1. The lecture materials don’t always feel like they apply to the homework. If asked to “state the linear regression models,” are we just running lm()?

Stating the linear regression model is asking us to show the population model that we are fitting. This is just to make sure we are aware of the model that we plan to fit. So the generic form of this is: \(Y = \beta_0 + \beta_1 X + \epsilon\).

Running lm() is the equivalent of fitting the model.

Keep letting me know what feels disconnected in the class! Sometimes I purposefully say things in different ways to build our understanding, but sometimes that fails!

2. “all of the different manifestations of t”

I love the way this person said it!

So I’ve sorted this out:

  • We say \(T\) follows a t-distribution

    • \(T\) is the general name for the variable (like \(X\) or \(Y\))
  • We calculate a given \(t\)-value and call that \(t\)

    • We also call this the test statistic
  • The critical value that corresponds to a specific confidence interval and \(\alpha\) is labelled \(t^*\)

3. What’s the difference between SD and variance?

SD (standard deviation) is the square root of the variance. That’s why I sometimes write \(\sigma\) (standard deviation) or \(\sigma^2\) (variance) when I’m talking about the distribution of residuals.

\[ \sigma = \sqrt{\sigma^2} \]

Variance is usually easier to work with mathematically, but standard deviation is in the units that match a variable. For example, the variance of 10 height measurements are in square inches, but the standard deviation are in inches.

4. Why is it important to test if \(\beta_1\) is equal to zero? Is \(\beta_1=0\) the same as the x and y variables having no correlation?

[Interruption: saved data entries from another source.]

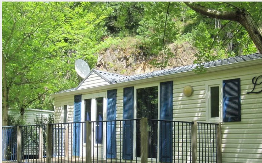
Crédit : Mobile-home 2 chambres Camping de la Prade (Camping Municipal La Prade)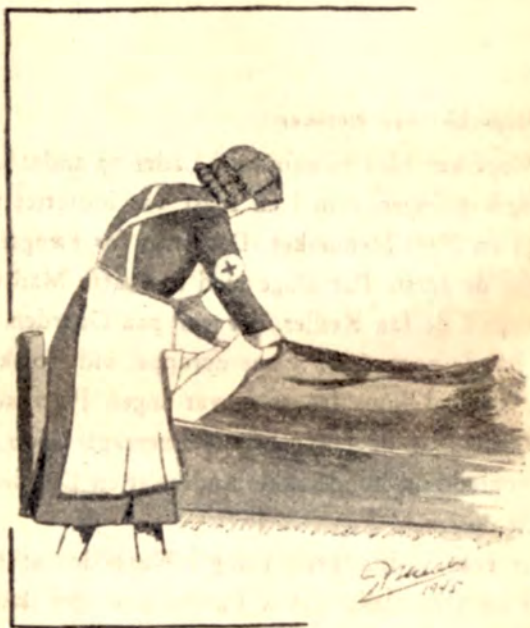
D. K. B.-Damer hjalp os med vore syge i Møgelkær.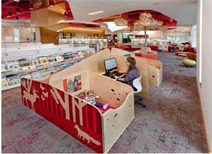
Radna jedinica koju su osmislili Quinn Evans tim i TMC Furniture olakšava odraslim korisnicima boravak i korištenje usluga Fairfield knjižnice u pratnji male djece

projektant samostalno projektira i donosi sve odluke, eventualno uključujući buduće korisnike u završnu fazu evaluacije i dorade rješenja. U inkluzivnom pristupu čitav proces je participativan – ljudi kao korisnici i zainteresirani sudionici sudjeluju u radu kreativnog tima kao stručnjaci.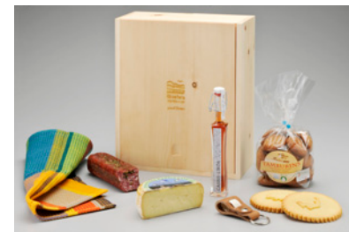
BVM14T03 CHF 98.-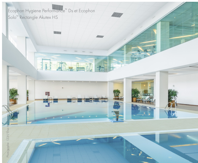
Ecophon Hygiene Performance™ Ds et Ecophon Solo™ Rectangle Akutex HS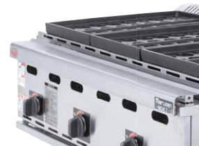
ヒートプロテクター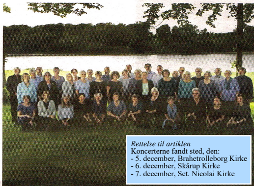
Septimuskoret løfter stemmernes i Sct. Nikolai Kirke i Svendborg, onsdag 7. december.

Septimuskoret har - som dets publikum igennem de sidste tre år vil vide - flere gode traditioner. Koret arbejder tematisk, man holder de klassiske korværker i hævd, samtidig med at man ved hver eneste koncert præsenterer publikum for mindst én uropførelse. Koret lever ved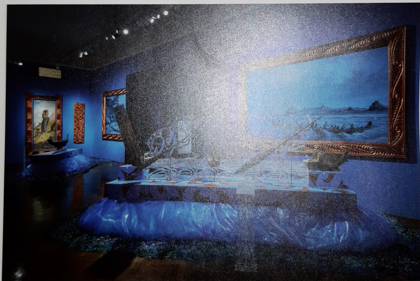
Nuku lastikkanotist láá tovlááh muorâúásih museonurâlduvâin sehe suu veerrâm pleksilasâúásih já madâräijihmiällooh.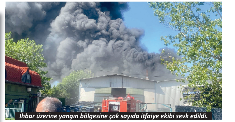
İhbar üzerine yangın bölgesine çok sayıda itfaiye ekibi sevk edildi.

Aksu'da bir depoda çıkan yangına çok sayıda itfaiye ekibi müdahalede bulunuyor.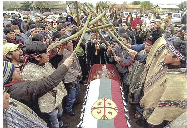
Beisetzung des von der Polizei von hinten erschossenen Mapuche.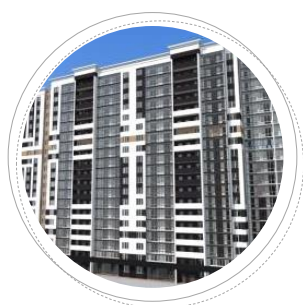
г. Иваново ул. Профсоюзная, д. 4, л. 1

Кол-во квартир: 495 Тип: мон. + кер. кирпич Кол-во этажей: 18, 19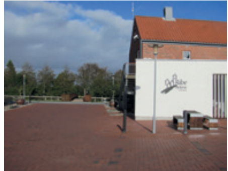
Ribe Byferie og broen til sti over Gl. kirkegård

Forbindelsen er ikke endeligt besluttet idet den overordnede plan for kirkegården er under revision. Men det er let at finde vejen, for de allerede mange brugere har trampet et spor til de nærmeste eksisterende gange på kirkegården.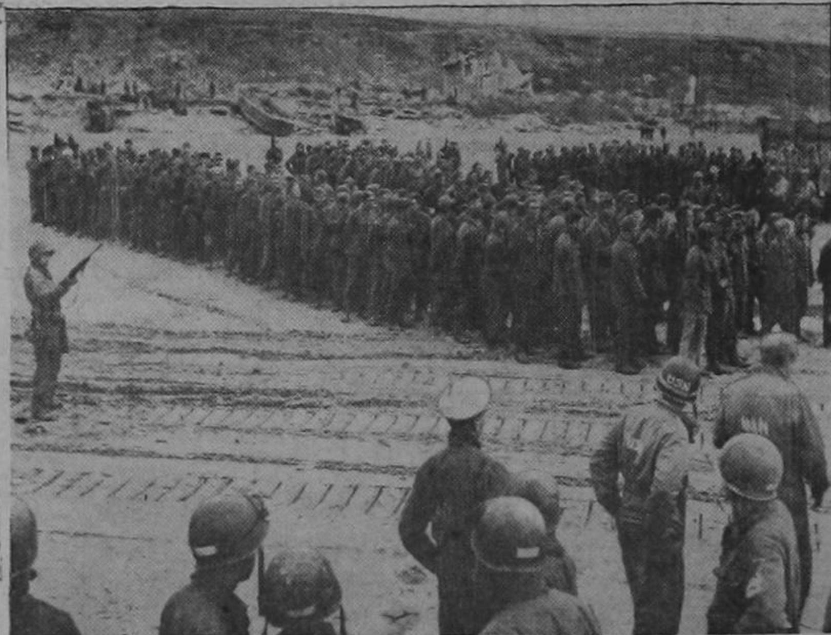
Largas columnas de prisioneros alemanes esperan en las playas de Normandía los transportes que los trasladarán a los campamentos de Inglaterra. Vigilados por la policía militar de los Estados Unidos, los prisioneros son objeto de la curiosidad de los marinos.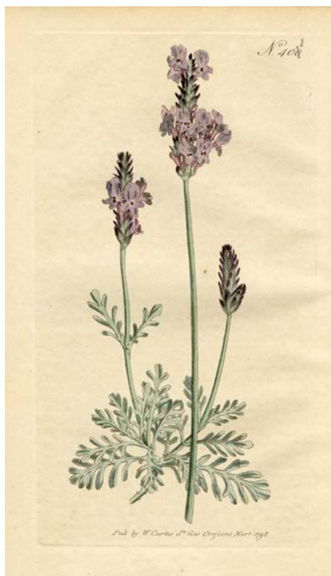
Fjäderlavendel Lavandula pinnata i Curtis Botanical Magazine 1798.

År 1780 skrev Linnés son, Carl von Linné den yngre, den första monografen om lavendelsläktet – De Lavandula . Han beskrev bland annat arten fjäderlavendel Lavandula pinnata som ny för vetenskapen, men hade själv inte sett den i naturen. År 1777 fördes arten från Madeira till London av den engelske trädgårdsmästaren Francis Masson. Två år senare passerade Linnélärjungen Carl Peter Thunberg London och tog med sig herbarie-exemplar av lavendeln till Linné den yngre i Uppsala.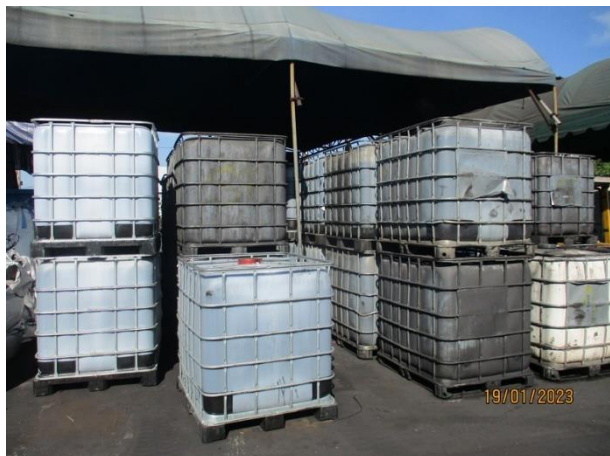
รูปที่ 2-19 ถังเก็บสำรองความจุ 1,000 ลิตร จำนวน 24 ถัง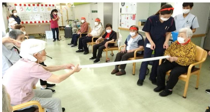
トイレトペーパー綱引き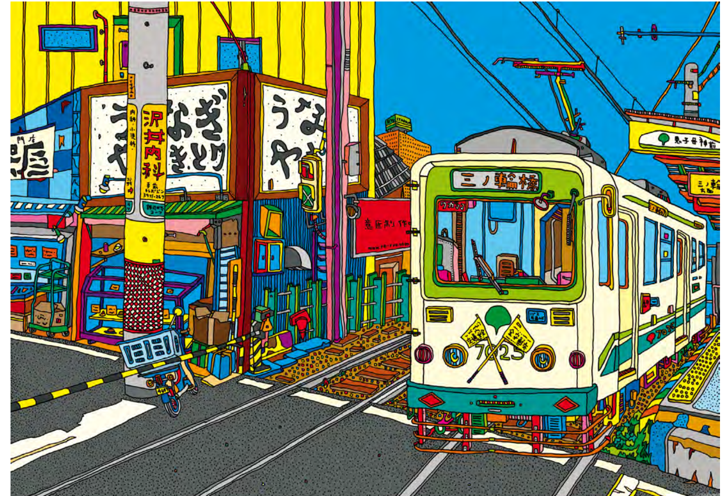
ITADANI RYU To-Den , 2005 Inkjet print on paper, 29.51 x 42.2cm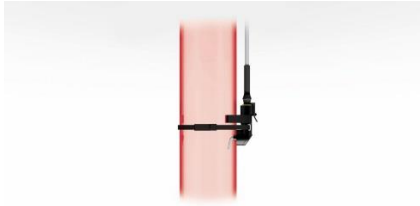
Sensore di flusso Flow Performance Monitor - FPM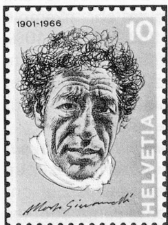
Alberto Giacometti 1901-1966 Peintre et sculpteur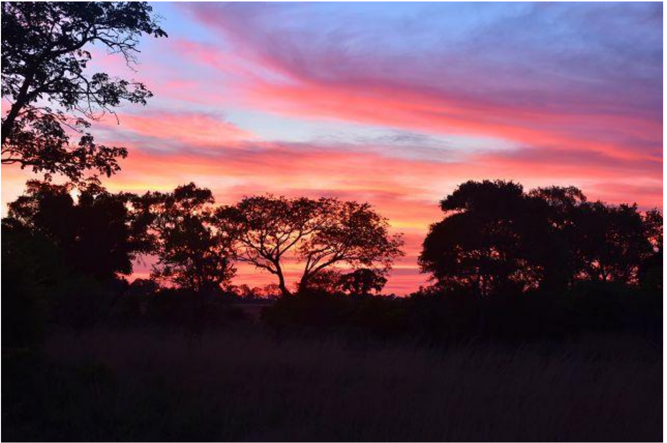
Sonnenaufgang am 2. Dezember um ca. 05 30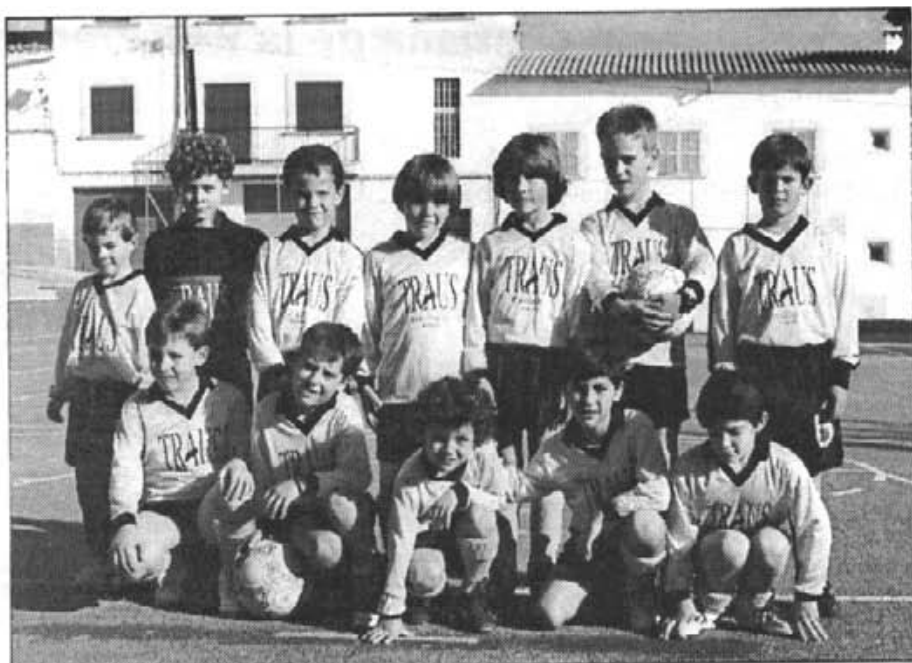
Equip de futbollet iniciació de la present temporada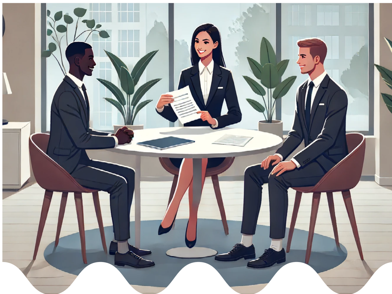
Illustration générée par DALLE-2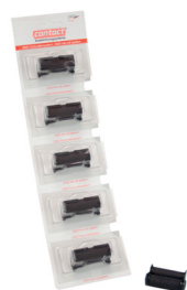
Figura 26 Ejemplos de rodillos entintadores en el blister

Puede ver la oferta de los diferentes rodillos entintadores en la página web del fabricante.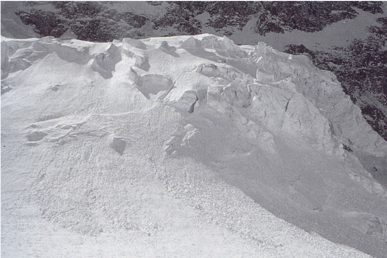
Un comune rischio mentre si pratica alpinismo in Islanda. Valanga di ghiaccio e neve (Mt. Eyafjallajökull).

Sugli altipiani islandesi non vi sono ponti per il superamento dei fiumi o, nel migliore dei casi, vi è qualche ponticello magari distante dal sentiero. Guadare fiumi e rapide è quindi cosa all'ordine del giorno per gli escursionisti in montagna. L'impiego di corde o di pietre sulle quali posizionare i piedi, passare il guado in piccoli gruppi, guadare rivoli più piccoli piuttosto che il bacino più grande, attraversare ponti di neve ed evitare i fiumi camminando sulle lingue dei ghiacciai sono soluzioni pratiche che bisogna tenere a mente. Guadare in automobile (con veicolo 4x4) richiede abilità ed esperienza; non guadare mai con un veicolo un fiume che non sia guadabile a piedi!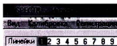
Рисунок 1б. Окно с идентификационным названием ПО Spectr и уровнем доступа.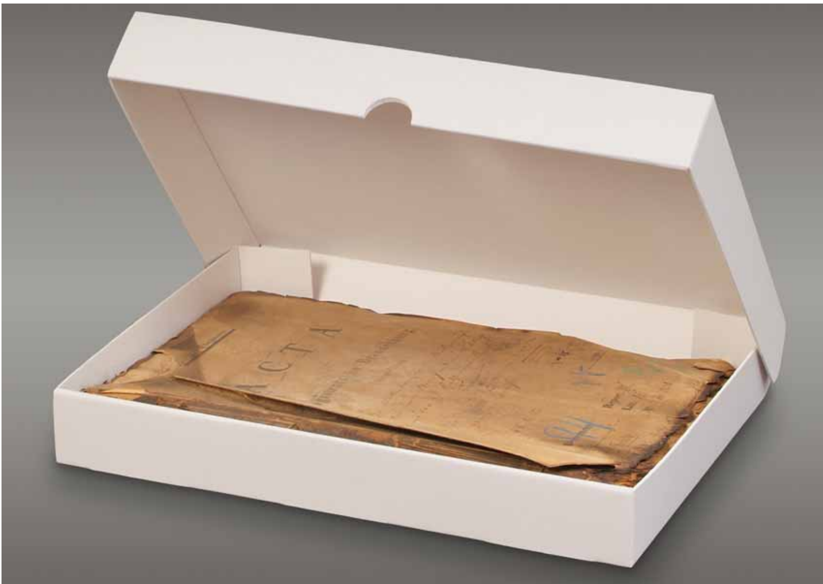
linke Seite unten: SB 33 aus Wellpappe 3,0 mm, kaschiert mit Archivpapier 120 g/m 2 atlantisblau, verklebt unten: SB 34 aus Wellpappe 1,6 mm atlantisblau/weiß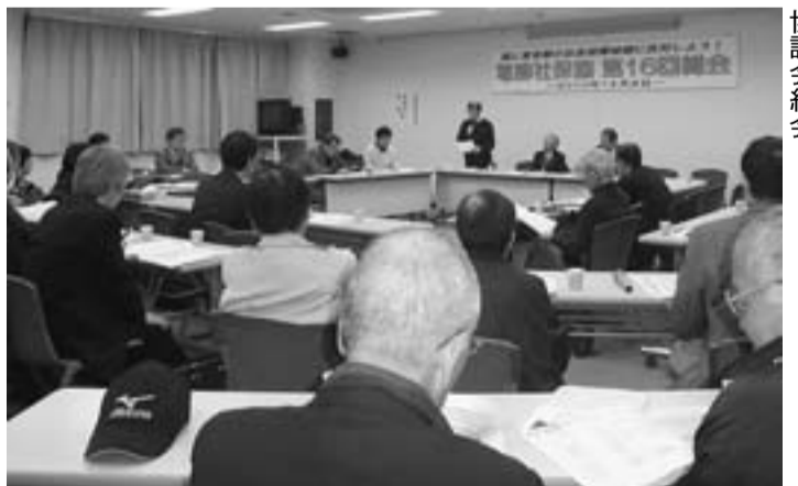
21団体が参加した葛飾社会保障推進協議会総会

裁判の期日と同一日の夕方、青砥駅頭にて署名行動を行いました。参加者は労働対策部員、原告役員を中心に11人。宣伝用のマイクの声に立ち止まって耳を傾け、がんばって下さいと署名を書いてくれた方もいました。署名は合計で47筆でした。参加したみなさんお疲れさまでした。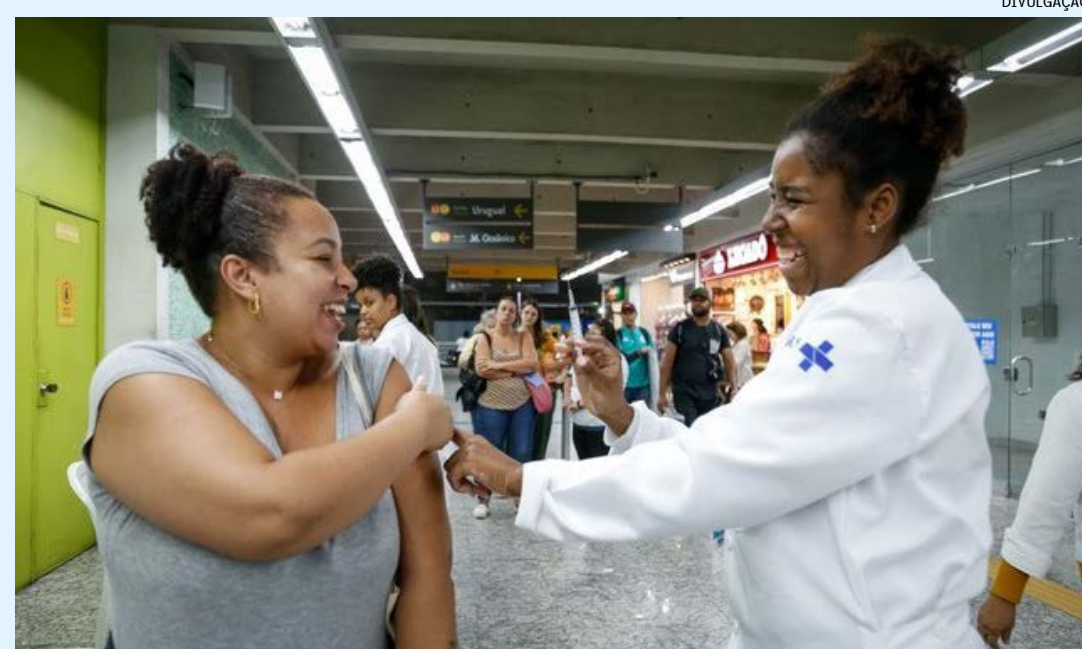
Durante a ação, as equipes da SMS vão orientar os passageiros do metrô sobre a importância de completar o esquema vacinal contra os vírus, além de tirar dúvidas sobre a imunização. Confira a agenda

Os locais de vacinação serão montados fora da área controlada, sem a necessidade de passar pelas catracas das estações, das 8 às 16h.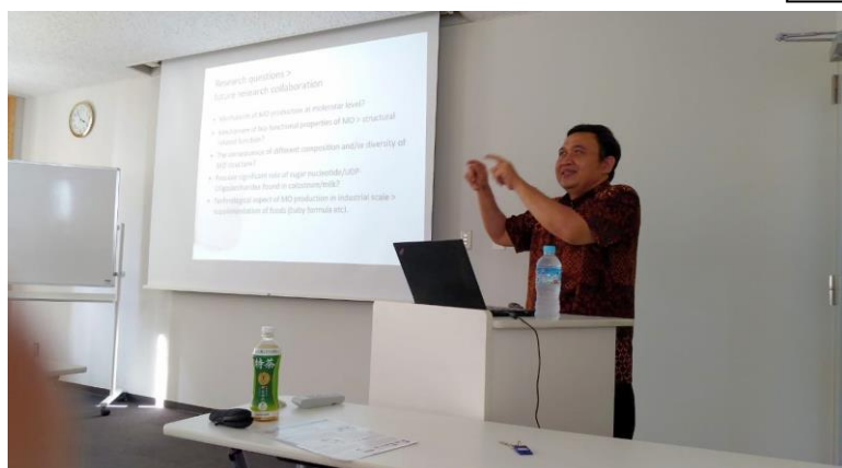
Giving Special Lecture at ICB Osaka University 大阪大学での講義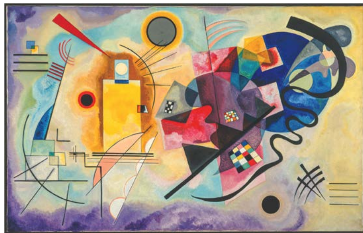
© Kandinsky, The Music of Colours Donation de Mme Nina Kandinsky, 1976.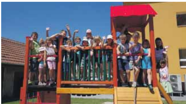
Jednou z obcí, která náš region na výstavě reprezentuje, jsou s dětským hřištěm Vrchoslavice.

Čelkem třináctka obcí reprezentuje Olomoucký kraj na výstavě nazvané Má vlast cestami proměn – příběhy domova. Na už dvanáctém ročníku výstavy náš region reprezentují projekty realizované v obcích Bohuňovice, Bochoř, Dubicko, Jezernice, Kojetín, Milenov, Mohelnice, Moravský Beroun, Otaslavice, Potštát, Šumperk, Ústín a Vrchoslavice. „Putovní výstava přináší svědectví o příznivých proměnách zanedbaných míst, chátrajících stavby mění v důstojné objekty s užitečnou náplní, veřejný prostor dostává novou tvář. Účastníme se už šestým rokem,“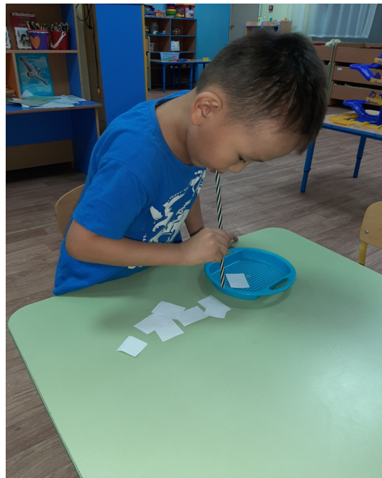
Трубканын чэпчэки этиктэри (предметы) оборон иһиккэ уурдары.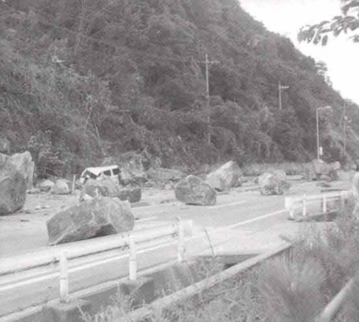
路上に落石(車両を直撃)【溝口町中祖】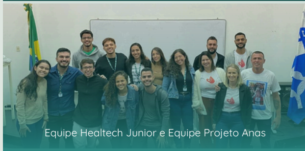
Equipe Healtech Junior e Equipe Projeto Anas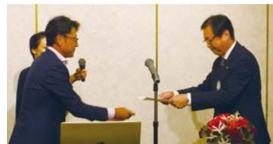
数左 従光 会員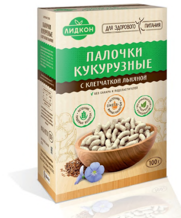
Рис. 3. Кукурузные палочки с клетчаткой льна Fig. 3. Flax fiber corn sticks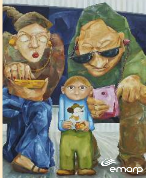
Atendimento da EMARP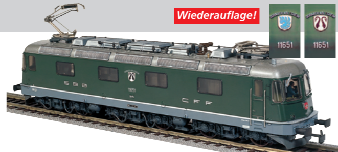
20 500 : SBB Re 6/6 grün, Dornach-Arlesheim, Lok Nr. 11651 Runde Lampen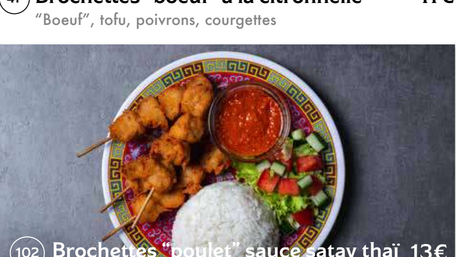
102 Brochettes "poulet" sauce satay thaï 13€ "Poulet", riz, salade batavia, concombres, tomates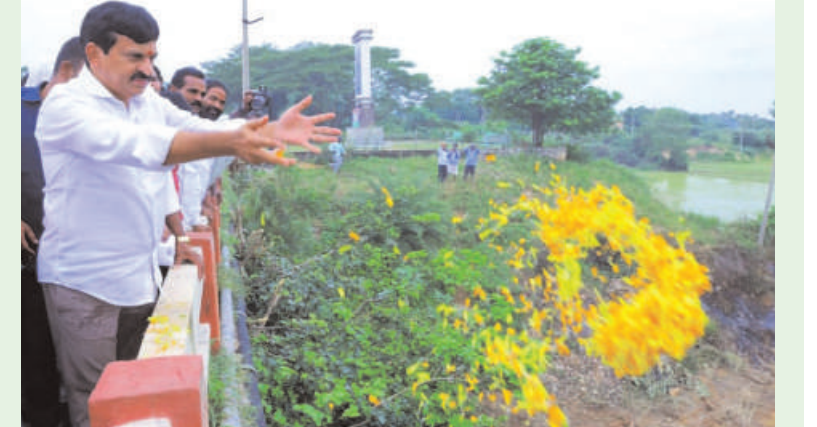
తరంగాలు/ఖమ్మం జిల్లా బ్యూరో ఖమ్మం :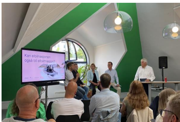
Bilde til venstre: Paneldeltakere tilstede på arrangementet "Kan elbilnasjonen også bli elbåtnasjonen?" under Arendalsuka 18.august i fjor.

I begynnelsen av 2022 lanserte vi nytt bærekraftsprogram i samarbeid med Innoventus Sør, Næringsforeningen og Greenstat, i regi av Innoventus Sør. "Bærekraft tuftet på profitt" er et program for bedrifter som ønsker å utforske og satse strategisk på bærekraftige forretningsmuligheter.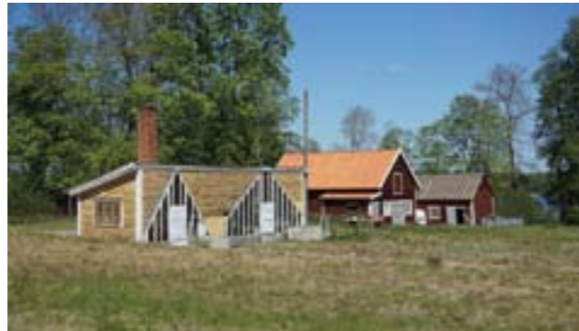
Byggnad med spår i fasaden av tidigare växthus samt ekonomibyggnader från tiden som handelsträdgård.

PBL 2 kap. 6 §, PBL 8 kap. 14 § och PBL 8 kap. 17 §. Förutom de generella skydd som PBL, tillsammans med PBF, MB och KML omfattar så ska miljön, inklusive bebyggelsen, i egenskap av att den är klassad som särskilt värdefull handläggas enligt PBL 8 kap. § 13 och PBL 9 kap. § 4d.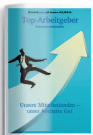
Top Arbeitgeber 17. November 2023

Let’s answer the second question: Yes! It is the same in simple linear regression. When we get to multiple linear regression, and have several variables/coefficients in our model, testing \(\beta_1=0\) won’t be the same as testing the correlation.

In simple linear regression, it is important to test \(\beta_1\) mostly for pedagogical reasons. It’s just helpful to establish the process in a simpler setting.

5. SSE and sigma

We were looking at the relationship between SSE and \(\widehat\sigma^2\):

\[ \widehat{\sigma}^2 = \frac{1}{n-2}SSE \]

The sum of square errors is \(SSE = \sum_{i=1}^n (Y_i - \widehat{Y}_i)^2 = \sum_{i=1}^n \epsilon_i^2\)

An aside on variance

The definition of variance is the sum of the squared differences between values and their mean.

So if I had a variable \(S\), with 100 observations, the mean of \(S\), which we call \(\overline{S}\), would be \(\frac{\sum_{i=1}^{100} S_i}{100}\). The variance of \(S\) would be \(\sum_{i=1}^{100} (S_i - \overline{S})^2\).

Now, let’s get back to the sum of square errors: \(SSE = \sum_{i=1}^n \epsilon_i^2\)

The variance of the residuals would be \(\sum_{i=1}^n (\epsilon_i - \overline{\epsilon})^2\). The mean of \(\epsilon\), \(\overline\epsilon\), should be 0 by our assumptions. So the variance of the residuals is \(\sum_{i=1}^n \epsilon_i^2\) which is our SSE!

There is some more complicated math that goes into why our variance is divided by n-2 to get the estimated variance of the residuals, but that’s basically it!

6. It would be helpful to get some clarification on the notations that we need to use in this class. Perhaps, a chart or the types of notations for this class could be helpful to organize this?

I can certainly work on this! In all honesty, I am a little overwhelmed with work this week, so I don’t think this is something I can produce by the quiz. If you want to get one started, I can share it! I think would be a really good thing to help you study, too!

7. What is the relationship between the ANOVA for linear regression and ANOVA for group differences?

8. The limitations of the different tests, like an F statistic vs. t-test

9. unexplained vs the explained

10. Changing the confidence level in tidy()

Here is a good site about the input! Looks like we would use conf.level to change 95% confidence interval to some other percent.